# Transformers questions



## novice (Feb 2, 2011)

I have 5 transformers - If I'm not mistaken, I can't use the HO transformers with the O train - correct? 0 = AC, HO - DC or vice versa?

Is there a minimum and maximum power supply that should be used with either?

Does it depend on the number of accessories that are run?

Is there some kind of formula or guide to use when deciding on transformers?

Thanks in advance.


----------



## tjcruiser (Jan 10, 2010)

Most O trains are generally designed to run on AC power, though many motors will run on DC, too.

Most HO trains are generally designed to run on DC power ... you do NOT want to try to run them on AC ... if you do, you can easily burn out the "can style" motors.

This is not to be confused with DCC (digital) setups, which use a hybrid square-wave quasi AC power signal to send dedicated instructions to locos, accessories, etc.

Typical tranformer output is in the 16V to 24V range ... 18V to 22V being about the norm.


----------



## novice (Feb 2, 2011)

Thanks TJ what about wattage, does it matter?


----------



## gunrunnerjohn (Nov 10, 2010)

I caution you not to use DC with O-gauge stuff! Most of the electronic E-Units and electronic horns in conventional engines won't like it. TMCC/Legacy engines will certainly not work, and you can cook them with DC.


----------



## novice (Feb 2, 2011)

Thanks GRJ - from another thread, I know not to hook up the O to the DC transformer.

I wonder if that's why my engine is buzzing? LOL


----------



## gunrunnerjohn (Nov 10, 2010)

Actually, for conventional engines, the E-Unit can have a very loud buzz, the way they work. If you have three identical engines, the E-Units in each can make totally different sounds. 

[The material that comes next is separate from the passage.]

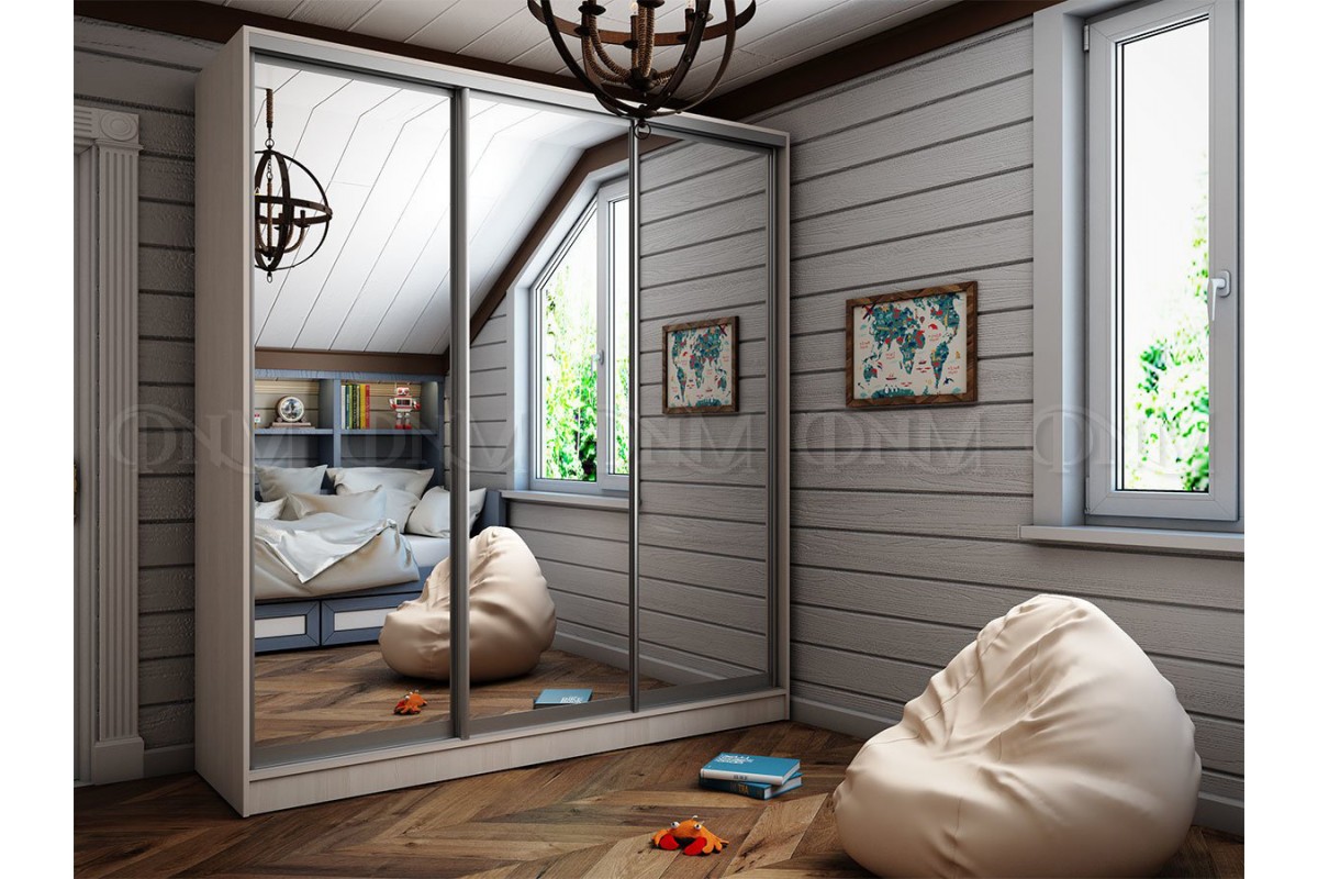 Шкаф-купе «ЭКО» 1,5 м с зеркалом (дуб молочный - дуб молочный)

There was a thread on running the E-Unit on DC to eliminate the buzz, it's a pretty simple modification. A bridge rectifier chip and a cap will totally silence the E-Unit.


----------



## novice (Feb 2, 2011)

Cool, I'll look for the thread - I thought this loco had a horn - all it does is Buzz when I press the horn button on the transformer.

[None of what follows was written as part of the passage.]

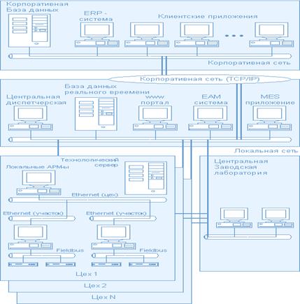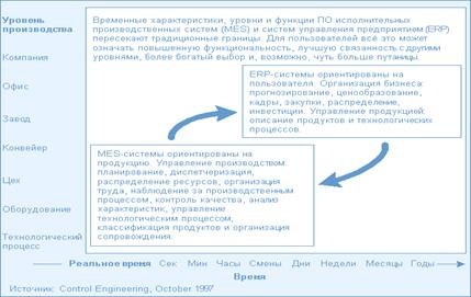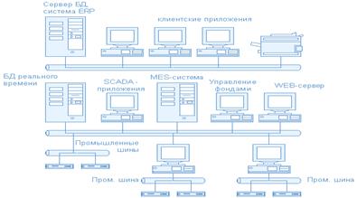 Объединение офисных функций с внутрицеховыми операциями далеко не тривиальная задача, учитывая разнородность используемых систем на нижнем уровне. Офисные функции более ориентированы на обработку документов и исполняются с такими временными интервалами, как часы, дни, недели и даже месяцы, в то время как технологическое управление производством характеризуется большим числом параметров, получаемых от уникальных процессов, оборудования и систем, время реакции которых измеряется миллисекундами. Различие в типах данных и скорости их передачи у различных систем предприятия требует постоянного накопления, обработки и анализа этой информации. Приводит к необходимости создания между офисными приложениями и системами управления технологическими процессами промежуточных накопителей и преобразователей информации.

Nothing but buzz, buzz buzz - everything is a buzz on this darn loco.


----------



## gunrunnerjohn (Nov 10, 2010)

Here's the thread we were talking about: http://www.modeltrainforum.com/showthread.php?t=6569&highlight=e-unit

I have little 1A bridge rectifiers I picked up from DigiKey, that and something like a 10uF electrolytic cap will quiet it right down.


----------



## jzrouterman (Nov 27, 2010)

novice said:


> Does it depend on the number of accessories that are run? Is there some kind of formula or guide to use when deciding on transformers? Thanks in advance.


With as many transformers that you have, accessories shouldn't be a problem. The only kind of formula that I can think of is what type of railroading are you planning to run. If you're wanting to run multi trains, independant of each other, then you have to use a seperate transformer for each train. Plus you'll also have to devide you layout into seperate electrical blocks. 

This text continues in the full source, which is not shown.